Revista médica de Chile
versión impresa ISSN 0034-9887
VERBEKE P, Sandra et al. Risk markers for insulin-dependent diabetes mellitus and duration of exposure to gluten in celiac patients. Rev. méd. Chile [online]. 2004, vol.132, n.8, pp.979-984. ISSN 0034-9887. http://dx.doi.org/10.4067/S0034-98872004000800010.

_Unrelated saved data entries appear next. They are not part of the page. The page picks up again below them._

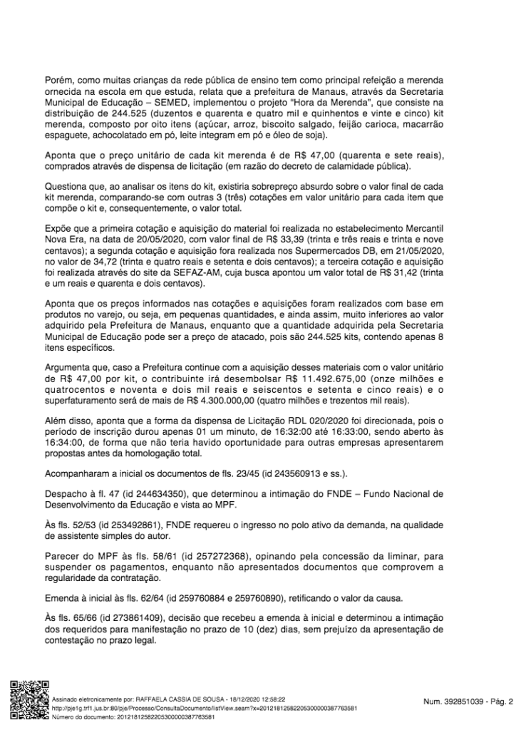 A prefeitura pagou um total de R$11,4 milhões pelos 244.255 kit, com suspeitas de que o superfaturamento foi de R$4,3 milhões no total, segundo o autor da denúncia. Esses alimentos foram entregues nos meses de abril a julho para alunos de rede pública municipal, durante o pico da pandemia do novo coronavírus em Manaus.
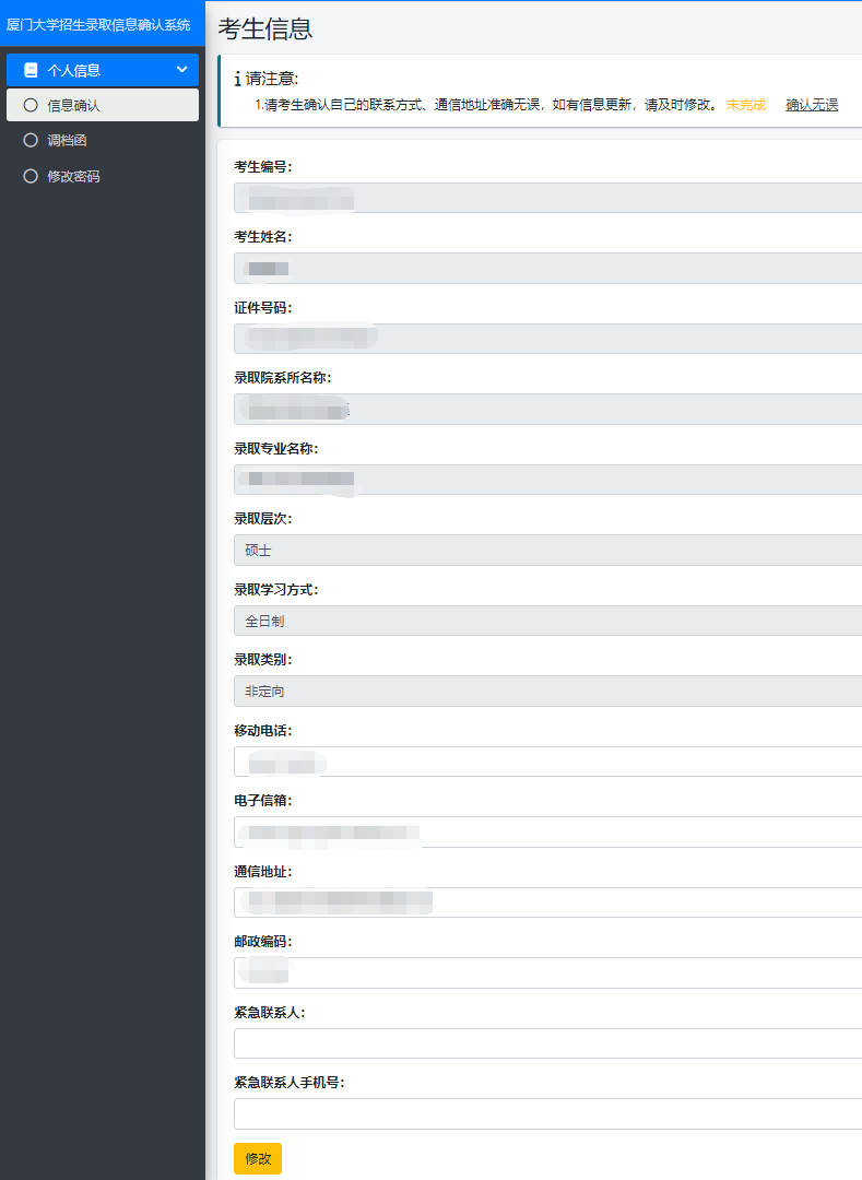4.若信息准确无误,点击页面上方的【确认无误】 按钮。如须修改联系方式,则点击【修改】,然后点击【提交】,最后点击【确认无误】方能生效。
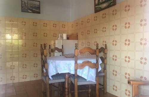 To your left you will find the family bathroom with shower and next to it the kitchen with all the necessities for preparing food, in the same space there is also a dining table so the family or friends can all eat together.
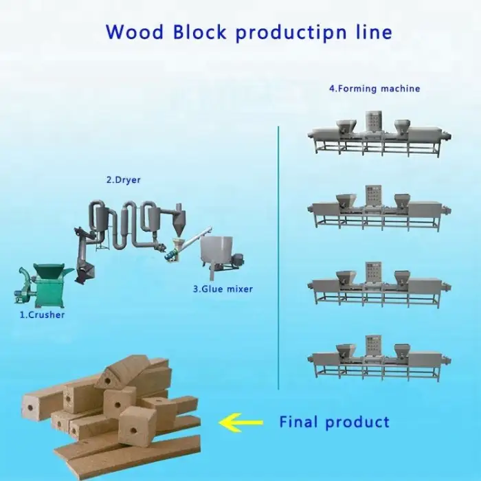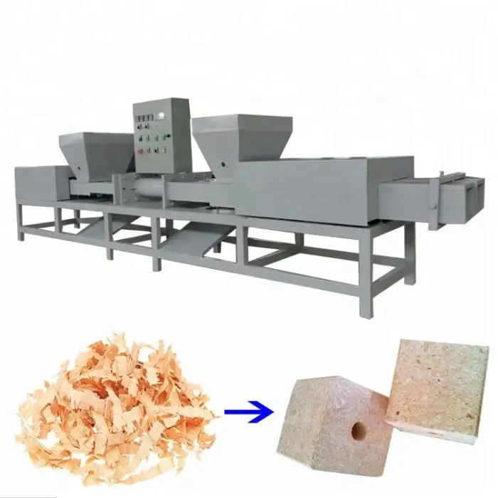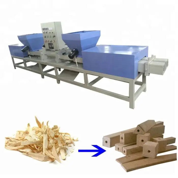 The machine is designed to utilize wood waste as raw material for producing compressed wood blocks.

Background: Celiac patients are at high risk of developing insulin-dependent diabetes mellitus, a condition that has a long pre-diabetic period. During this lapse, anti-islet cell antibodies serve as markers for future disease. This may be related with the duration of the exposure to gluten. Aim: To test the hypothesis that long term adherence to a gluten free diet decreases the frequency of risk markers for insulin dependent diabetes mellitus during adolescence and early adulthood. Patients and methods: 158 celiac patients were classified as: G1, (n=30 patients) studied at the time of diagnosis; G2 (n=97 patients) exposed to gluten as a result of non compliance with the gluten free diet and, G3 (n=31 patients) who had maintained a long term, strict gluten free diet. Isotype IgG anti-islet cell antibodies were detected by indirect immunofluorescence using monkey pancreas; results were reported in Juvenile Diabetes Foundation (JDF) units. Results: Celiac patients exposed to a gluten containing diet had a significantly higher prevalence of anti-islet cell antibodies than those who had been exposed only briefly (p <0.017). In addition, a significantly higher prevalence of anti-islet cell antibodies was observed in those patients whose exposure to gluten was longer than 5 years than in those whose exposure was shorter (p <0.02). Conclusions: Celiac patients long exposed to gluten have a significantly higher prevalence of anti-islet cell antibodies than those exposed for a short period. This fact supports the hypothesis that the development of these antibodies is associated with the length of the exposure to gluten (Rev Méd Chile 2004; 132: 979-84)
Palabras clave : Diabetes mellitus, type I; Gluten-sensitive enteropathy; Pancreatic beta cells; Prediabetic state.